= Albert S. Axelrad =

American rabbi (1938–2026)

Albert S. Axelrad (October 22, 1938 – September 18, 2026) was an American Reform rabbi, author, educator and community leader. He fostered the American Jewish counterculture of the 1960s-1980s. Axelrad also served as Jewish chaplain at Brandeis University and Executive Director of its B'nai B'rith Hillel Foundation from 1965 to 1999.

== Early life and career ==
Albert Sidney Axelrad was born in Brooklyn, New York City on October 22, 1938. He attended the Yeshivah of Flatbush and then earned a BA in sociology at Columbia University. He received an MA and, in 1965, rabbinic ordination from Hebrew Union College–Jewish Institute of Religion in New York.

As Hillel director at Brandeis, Axelrad pioneered a number of programs that were adopted widely in American Jewish life, leading one student to dub him a "Jewish impresario." The annual Jewish Arts Festival introduced there became a part of Hillel programming around North America. Under Axelrad's leadership, the Berlin Chapel, the Jewish chapel at Brandeis, for several years housed the office of the young Jewish counterculture's quarterly magazine Response: A Contemporary Jewish Review, which had been founded by Jewish students in New York in 1967. His commitment to pluralism in Jewish communal life earned him widespread respect, even among groups for whom his religious and political views were anathema. One official of the central Hillel Foundation organization described Axelrad in the 1980s as "not a Hillel director; the Hillel director."
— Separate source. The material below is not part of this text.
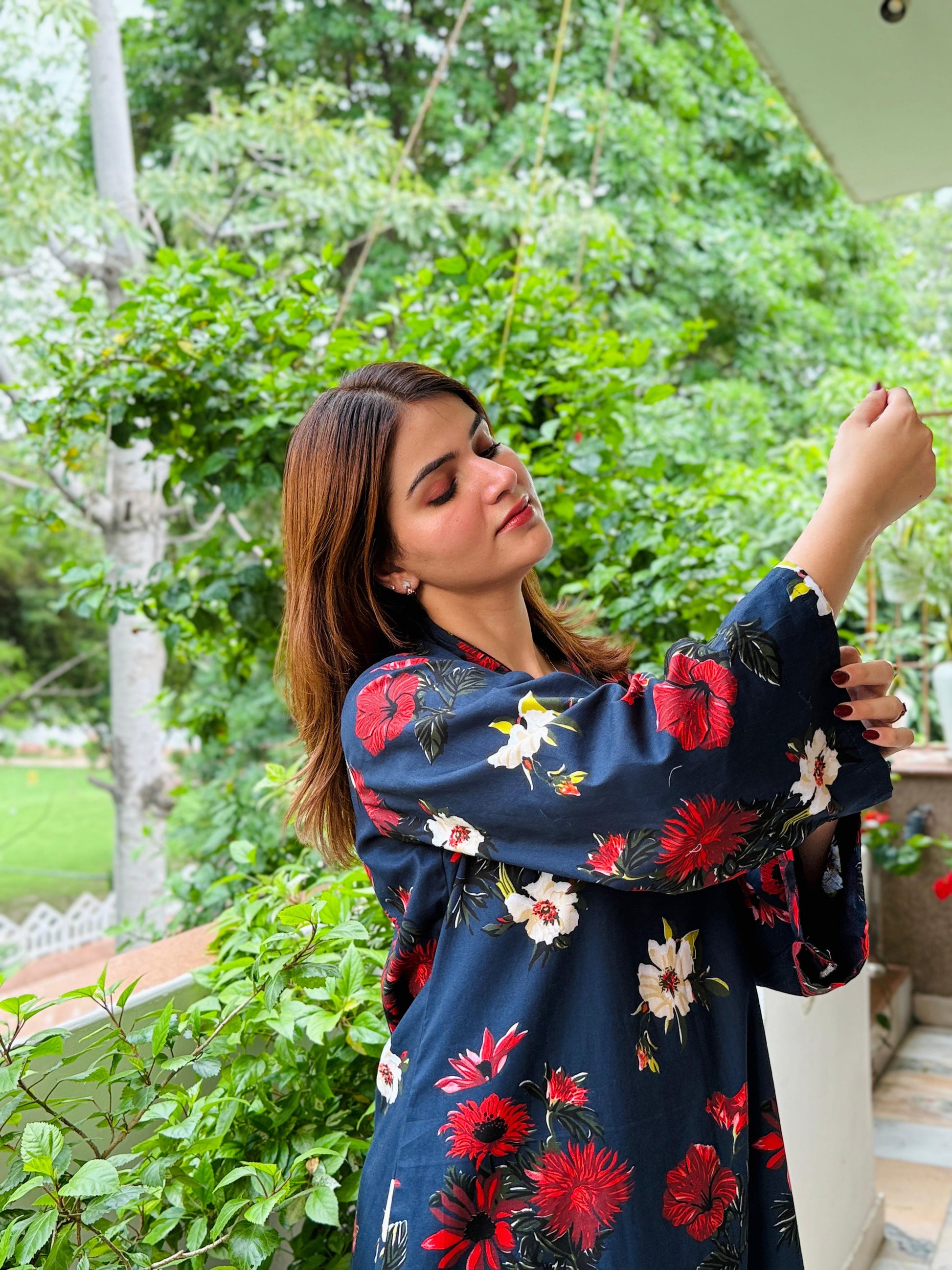 - Color: Deep navy base with red and white floral prints – vibrant yet classy

Axelrad was one of the founders in 1968 of Havurat Shalom in Somerville, Massachusetts, which was originally envisioned as a "community seminary" to offer a new model of rabbinic training. The Brandeis student "egalitarian minyan" prayer groups, with Axelrad's active involvement, were among the earliest spinoffs of the new approach to Jewish prayer developed by Havurat Shalom.

When Axelrad understood that many adult members of the university community, especially women, had not celebrated their bar/bat mitzvah decades earlier, Axelrad arranged for the first "adult bar and bat mitzvah" training and celebrations in the early 1970s. He and his students and friends helped popularize the practice in all denominations of North American Judaism.

Beginning in the first years of his rabbinate, Axelrad advocated for rabbinic officiation at marriages of a Jew and a non-Jew, although only under limited circumstances. Noting that supportive non-Jewish spouses could be involved in raising Jewish children, he proposed that rabbis should be understanding of a non-Jewish partner's reluctance to convert to Judaism for any of a variety of reasons. For couples willing to raise Jewish children, Axelrad proposed that the cooperation and support of a rabbi at the outset of the marriage could be crucial in their decision to do so.

== Advocacy and other interests ==
Arriving at Brandeis as American involvement in the Vietnam War reached its peak, Axelrad became involved in advising students considering seeking conscientious objector status in the Selective Service military draft system. He was an active member of the Jewish Peace Fellowship. Axelrad came to describe himself not as a "pacifist" but as a "pacifoid," doing everything possible to avoid war, but also recognizing that in extreme cases war may be necessary.

Another area of Axelrad's political advocacy was in the movement for divestment from South Africa as a way of pressuring the government there to abandon apartheid. He remained troubled by the anti-Israel bias of many who shared his divestment position.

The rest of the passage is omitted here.